In regulatory regions close to the gene, selection thus favors enhancers contributing more to protein production: homolog enhancers compete for expression. This outcome is illustrated on Fig 3, where this analysis is checked against –and agrees with– stochastic numerical simulations reporting the fixation probabilities of new enhancers in finite populations.

Fig 3. Ratio of fixation probabilities of mutations altering enhancer strength relative to that of a neutral mutation.

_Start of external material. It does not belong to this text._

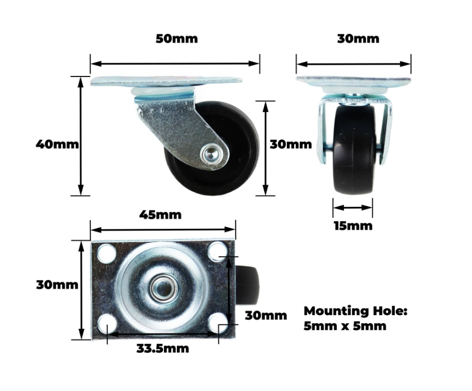 Castor Swivel Plate 32mm Black Polypropylene PK4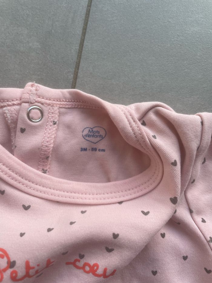 Pyjama rose à motif cœur Kiabi 3 mois En bon état Ouverture dans le dos

In red, the mutant enhancer is three times stronger than the wild type; and in blue, three times weaker. Simulated and analytically predicted values (see methods) are represented by dots and lines, respectively. Values are reported for the case where enhancer strength evolution does not alter overall protein expression (model 1, see text), for various recombination rates between the enhancer and the gene (x-axis), for weak (s = 0.01, squares) or strong selection (s = 0.1, circles) and partial recessivity (h = 0.25). Results are illustrated for Npop u = 1 (where Npop is the population size and u the gene mutation rate). Results for higher Npop u just need to be multiplied by a factor equal to Npop u. For instance the relative fixation probability for Npop u = 10 of tightly linked stronger enhancers would be ~20 or ~30, for s = 0.01 or s = 0.1, respectively. Weaker enhancers (blue) are always selected against, while stronger enhancers (red) are selectively favored provided that they are closely linked to the gene, and disfavored otherwise.

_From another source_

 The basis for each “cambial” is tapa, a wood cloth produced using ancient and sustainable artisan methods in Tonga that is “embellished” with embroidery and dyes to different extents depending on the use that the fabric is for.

This finding indicates that stronger and stronger cis-regulatory elements should evolve in an open-ended fashion in the vicinity of genes, as long as that does not influence the total amount of proteins produced. Competition for expression may thus be responsible for a runaway process of enhancer strength. During this process, allele-specific expression would transiently occur, but expression balance would be restored once the new enhancer reaches fixation. This process shares many similarities with the endless occurrence and spread of new segregation distorters that transiently bias Mendelian ratio while they sweep [41]. It also shares similarities with models of Fisher runaway in the context of sexual selection, where female mating preference drives the open-ended evolution of extravagant traits in males [42].

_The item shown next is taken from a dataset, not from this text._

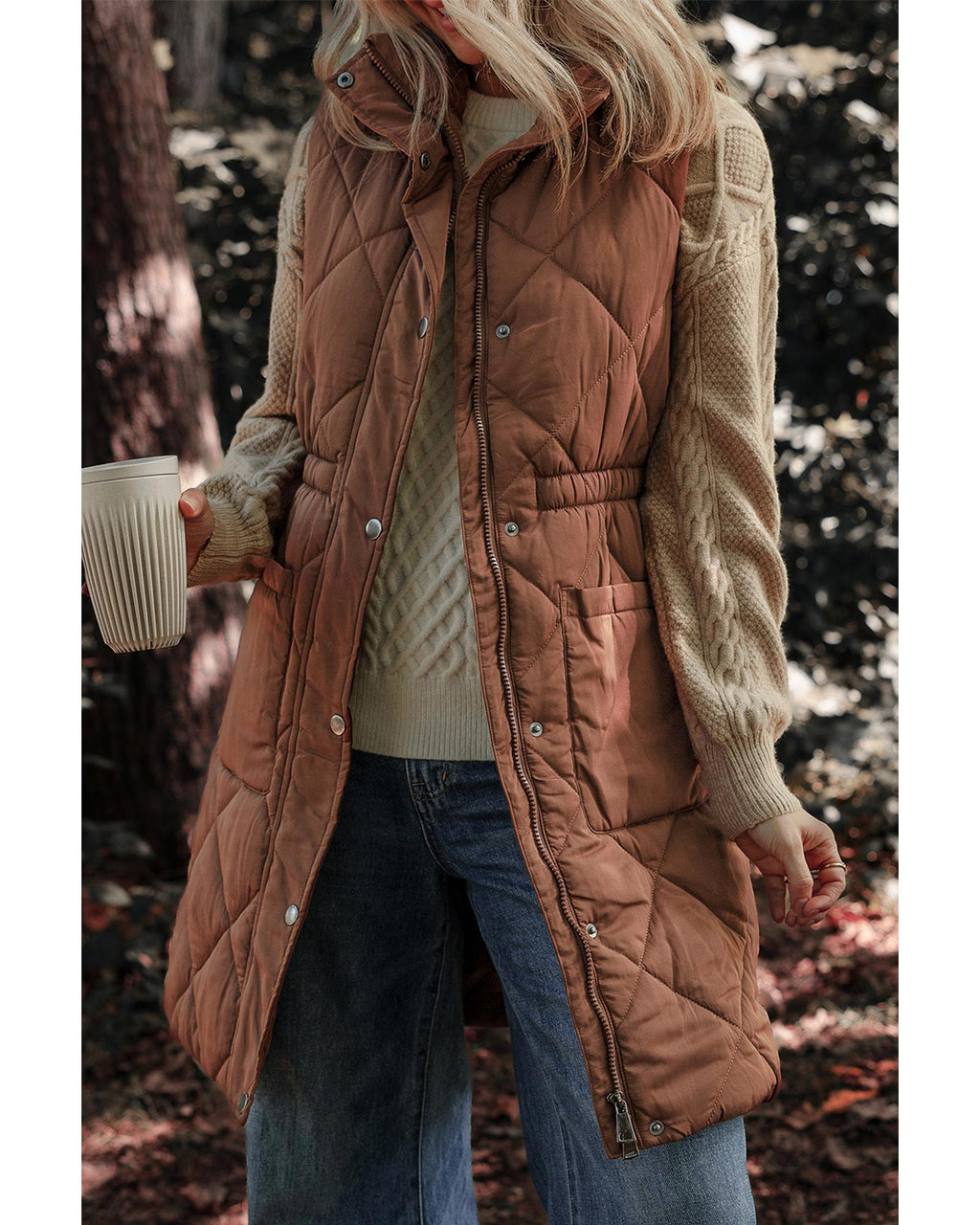 Coffee Longline Quilted Stand Collar Puffer Vest - L

Interestingly, the spread of such stronger enhancers occurs even though it temporarily decreases population mean fitness (see methods). Indeed, stronger enhancers spread because they find themselves on better backgrounds, but at the expense of temporarily increasing mean dominance and hence unmasking deleterious mutations. Overall the ER process does not optimize mean individual fitness in the population.

Competition for expression and stabilizing selection on expression levels

Gene expression regulation is not necessarily embedded in a negative regulatory loop, as considered above. Mutations on enhancers will often alter overall expression levels. When this occurs, stabilizing selection on overall gene expression will interfere with competition for expression. We developed two additional models (model 2 and 3) with such interactions (see methods). In these models, mutations on enhancers alter both relative contribution to expression, e1/(e1+e2), and total expression levels, e1+e2. We assume that total expression levels undergo stabilizing selection with different intensities that reflect the functional diversity of genes (over- or under-expression may be more costly for some genes than others).

In model 2, we assume that stabilizing selection on expression levels stems from gene dosage, such that the optimal amount of a given protein depends on the amounts of another protein coming from another loci, as occurs for instance in enzymatic or metabolic pathways. This produces the strongest constraint on enhancer strength evolution when only two proteins are concerned (see methods). In this case, any increase in the expression of gene 1 causes a departure from optimal dosage for gene 2, which reduces fitness. Results show that such stabilizing selection fails to prevent enhancer strengths from escalating. This is because enhancers of both genes coevolve: their strengths increase in parallel, allowing maintenance of the correct protein dosage. However, stabilizing selection tends to decrease escalation rates (longer doubling times on Fig 4, see methods). Strength-increasing mutations of large effects are indeed counter-selected, since they lead to large deleterious departures from optimal gene dosage. However, strength-increasing mutations of small effects lead only to small enough departures from optimal gene dosage for the genotype to survive until optimal gene dosage is restored by compensatory mutations. Stabilizing selection needs to be relatively strong (stronger than the selection at the gene locus) for it to significantly alter escalation rates.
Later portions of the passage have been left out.